Die Antwort ist erfolgt. Gegeben hat sie Kofi Annan mit seiner Ankündigung, als UN-Sonderbotschafter und Emissär der Arabischen Liga zurückzutreten. So sehr man sich auch bemüht, ein Szenario zu fabrizieren, in dem der Sechs-Punkte-Plan Annans für einen verhandelten politischen Übergang reanimiert werden könnte, lässt sich doch nur schwer die Schlussfolgerung vermeiden, dass Annans Rücktritt das Ende der Diplomatie in Syrien markiert.

Ganz oder gar nicht

Mancher war von Anfang an der Meinung, Annan, der zu den erfahrensten Diplomaten der Welt zählt, mache alles nur noch schlimmer. Der von ihm bemühte Waffenstillstand verschaffe den loyalistischen Truppen eine Atempause. Der intendierte politische Prozess wäre zudem geeignet, Baschar al-Assad einen politischen Freifahrtschein zu verschaffen. Der Annan-Plan, hieß es, sei beispielhaft für die Diskrepanz zwischen Erwartungen und deren Erfüllung, die Assad mit mörderischer Absicht ausnutze.
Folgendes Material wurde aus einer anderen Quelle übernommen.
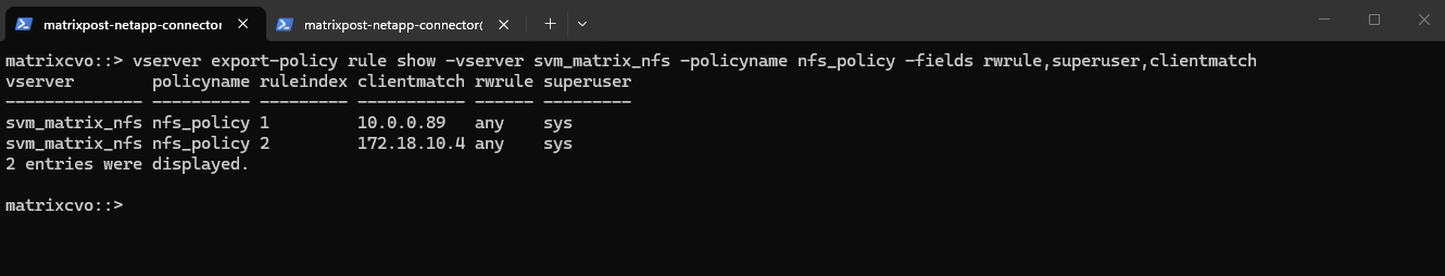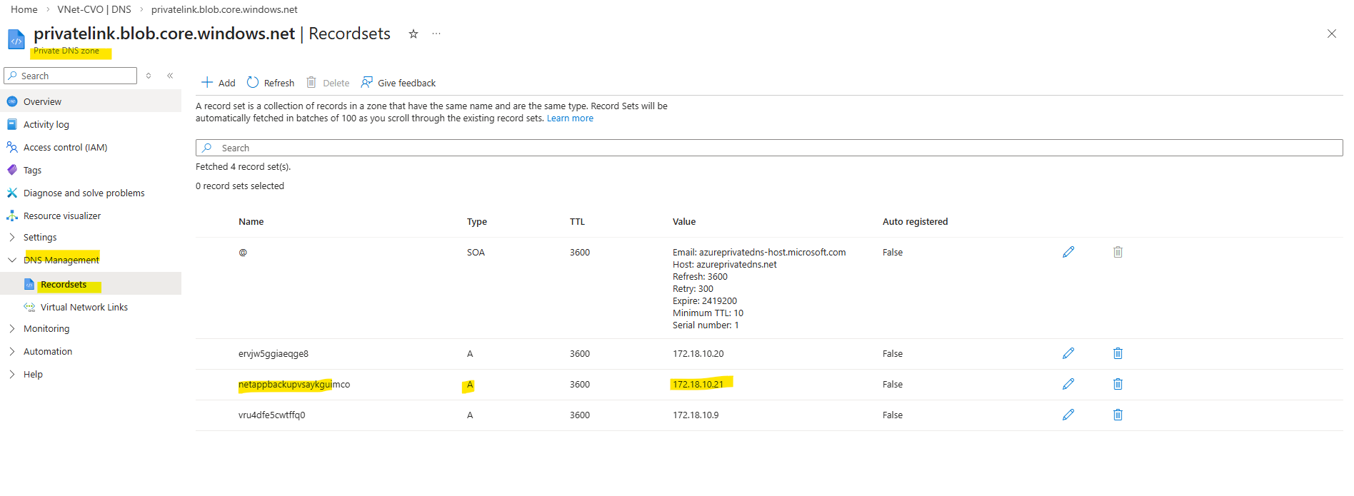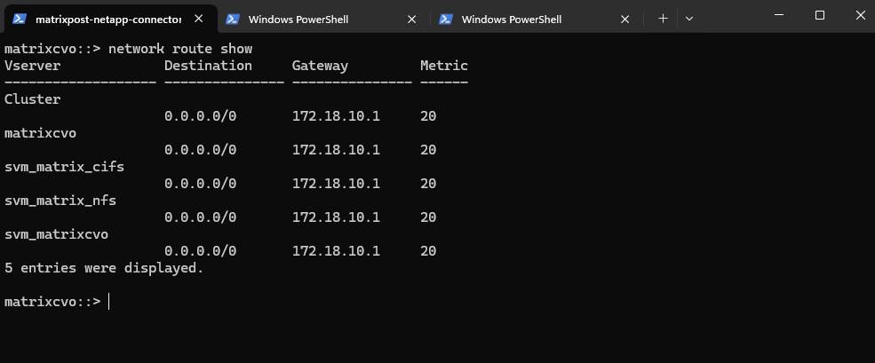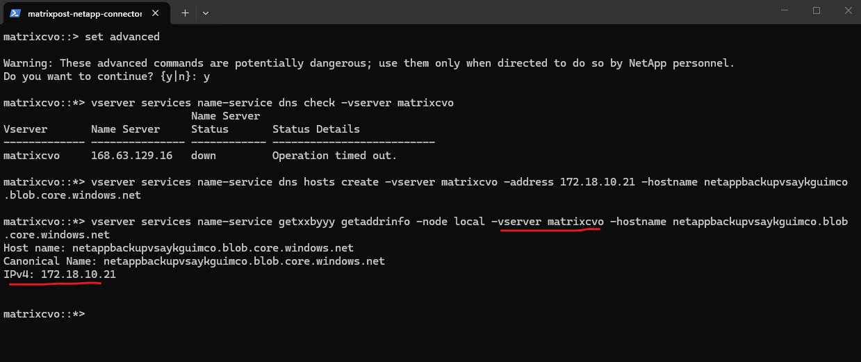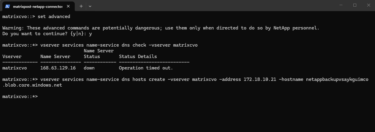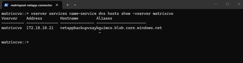 matrixcvo::*> vserver services name-service dns hosts create -vserver matrixcvo -address 172.18.10.21 -hostname netappbackupvsaykguimco.blob.core.windows.net
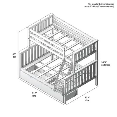 Plenty of room for sleep and play? Now that’s a win-win! The Max & Lily Twin Over Full Bunk Bed with Under Bed Storage Drawers is the perfect combination of functional and fun that both kids and parents love. Top bunk features tall 14” guardrails, so the bed safely fits standard mattress sizes. Angled ladder with rounded edges offers comfortable, easy climbing. Added bonus – ladder is both reversible and removable, so it is flexible to work with any space. Included storage drawers organize your clothes, toys and extra bedding. Solid, knot-free New Zealand pine wood adds strength and stability. All Max & Lily products use a durable, low VOC finish. The slatted head and footboards and flush, color-matched hardware give this bunk bed a clean, modern look. Instructions, upper/lower slat rolls, and required hardware are included. With solid plywood slats and a metal support bar, each sleeping surface can support 400 pounds of resting weight. This bed meets or exceeds Federal safety standards for kids furniture. When it’s time for play, this bed’s space saving design frees up plenty of floor space. The Twin Over Full Bunk Bed with Under Bed Storage Drawers from Max & Lily offers exceptional quality and affordability that kids and their parents will enjoy for years to come. Max & Lily is a member of the Maxwood family of brands – the kids furniture experts bringing a tradition of superior quality, safety and fun!

Die misstrauisch von einer Hauptstadt zur nächsten taumelnde Diplomatie könne mit der Rasanz der Ereignisse in Syrien niemals mithalten, hieß es oft.

Tatsächlich hat die Assad-Regierung trotz ihrer Beteuerungen vom 27. März den Friedensplan nie implementiert, auch wenn eine Waffenruhe am 12. April dem Beschuss der zivilen Bevölkerung vorübergehend Einhalt gebot. Andererseits hat auch die Opposition niemals ernsthaft in Erwägung gezogen, ihre Waffen niederzulegen. Das Verderben des Annan-Plans war gewiss nicht der Plan selbst. Denn eine wirkliche Alternative, mit der sich hätte verhindern lassen, dass ein brutal unterdrückter Aufstand sich in einen Bürgerkrieg wenden würde, gab es nie. Vielmehr lagen die Gründe für sein Scheitern beim Sicherheitsrat, der den Plan doch selbst verabschiedet hatte.

In einem in der Financial Times erschienen Kommentar schrieb Annan, seine Bemühungen seien torpediert worden. Durch die Spaltung der internationalen Gemeinschaft und durch Stellvertreterinteressen sei die gewalttätige Konfrontation noch angefeuert worden. Russland, China und der Iran hätten nicht erkannt, dass der Führung in Damaskus jede Legitimation abhanden gekommen sei. So hätten sie keinerlei Druck auf Assad ausgeübt, sein Amt abzugeben. Aber das, sagt Annan ganz unverblümt, müsse er „früher oder später“. Den USA, Großbritannien, Frankreich, Türkei, Saudi-Arabien und Katar hingegen sei es nicht gelungen, die Opposition auch nur in die Nähe dessen zu drängen, was sich als politischer Prozess bezeichnen ließe. Nicht nur sei die Opposition in sich gespalten – sie weigere sich auch, nur irgendein Element des existierenden Regimes als Teil eines Übergangsprozesses zu akzeptieren.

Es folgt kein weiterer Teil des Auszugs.